Una Palabra a Tiempo (1907)

This is a piece from 1907, from a page of The Silliman Truth [the March 15 issue] — which in the 1900s served not just as campus paper for what was then Silliman Institute but also a community newspaper [one of the first in the province] and a Protestant missionary publication. This page contains what I think is an unsigned short story in Spanish titled “Una Palabra a Tiempo,” probably the first one published in the province. The Silliman Truth, however, was first published in 1903, predating The Filipino Student Magazine by two years. (That magazine is supposedly the first publication in English by Filipinos). Alas, we don’t have copies of the Silliman Truth from that year anymore, but if we do come across any — and if it contains any literary work in the new colonial language — we can effectively rewrite the history of Philippine literature in English. I did a rough translation of “Una Palabra a Tiempo” from the Spanish, and it turns out to be a precious fable about a country doctor who encounters a drunk on the road at night, and the drunk accosts him to ask if there is any cure at all to his condition.
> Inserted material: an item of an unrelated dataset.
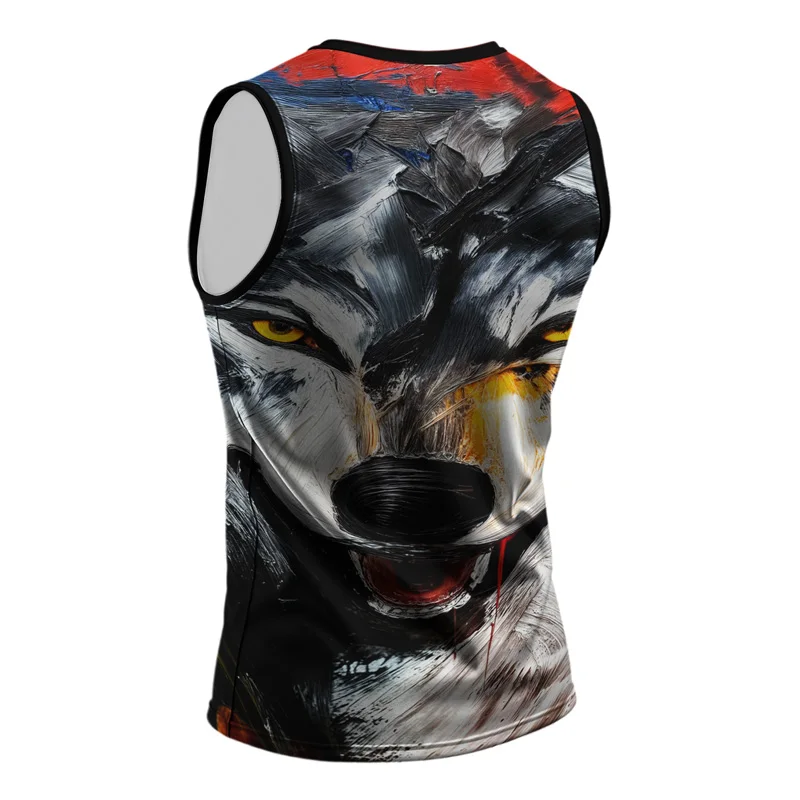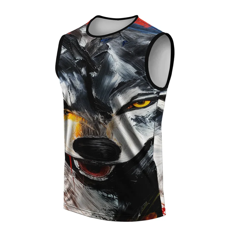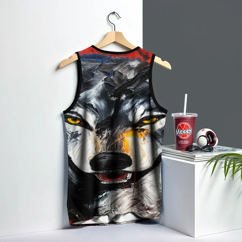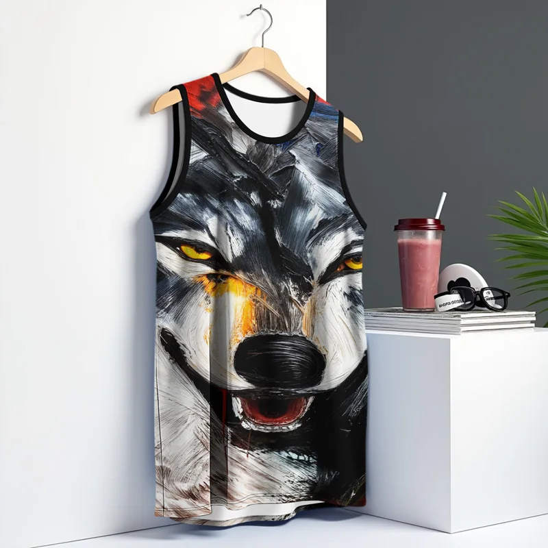 หมาป่าแฟชั่นผู้ชายฤดูร้อนเสื้อกั๊ก Street สไตล์รอบคอพิมพ์สัตว์ออกแบบเสื้อ T กีฬาสําหรับกีฬากลางแจ้ง Fi - TopDealBox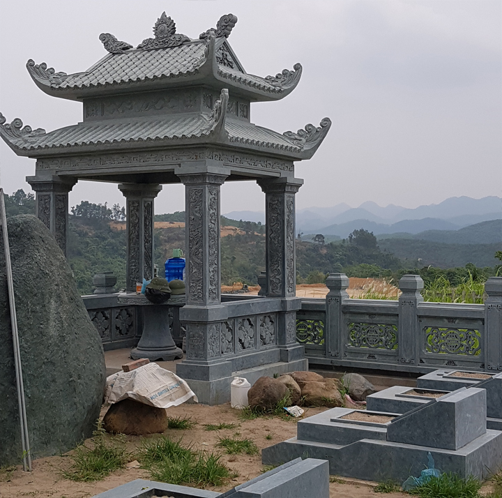 Lầu đá có thể chứa mộ hoặc chứa bàn lễ, đôi khi chỉ là nơi nghỉ chân sắp lễ trước khi vào ban thờ chính. Các thiết kế khá đa dạng như tròn, vuông, chữ nhật, lục giác ... có hàng rào hoặc không, một tầng mái hoặc nhiều hơn. Các trụ cũng khá phong phú có thể trụ vuông, tròn với hoa văn hoặc câu đối.... tốt nhất quý khách nên mời các đơn vị có kinh nghiệm tư vấn để các chi tiết khớp với tổng thể công trình về cả kết cấu và phong thủy.

To which the doctor replied: “I cannot help you.” But suggests that there is one other doctor who can: Jesus Christ. Days later, he finds the drunk quite sober and thankful for his godly advice. Now that’s pure literature of proselytisation! The school paper, after all, was very much a missionary publication. It got me thinking though: so many of the early essays published between 1903–1908 in Dumaguete were about the perils and evils of drunkenness. Soooo many. Was Dumaguete awash in tubà and other types of alcohol at the turn of the 20th century?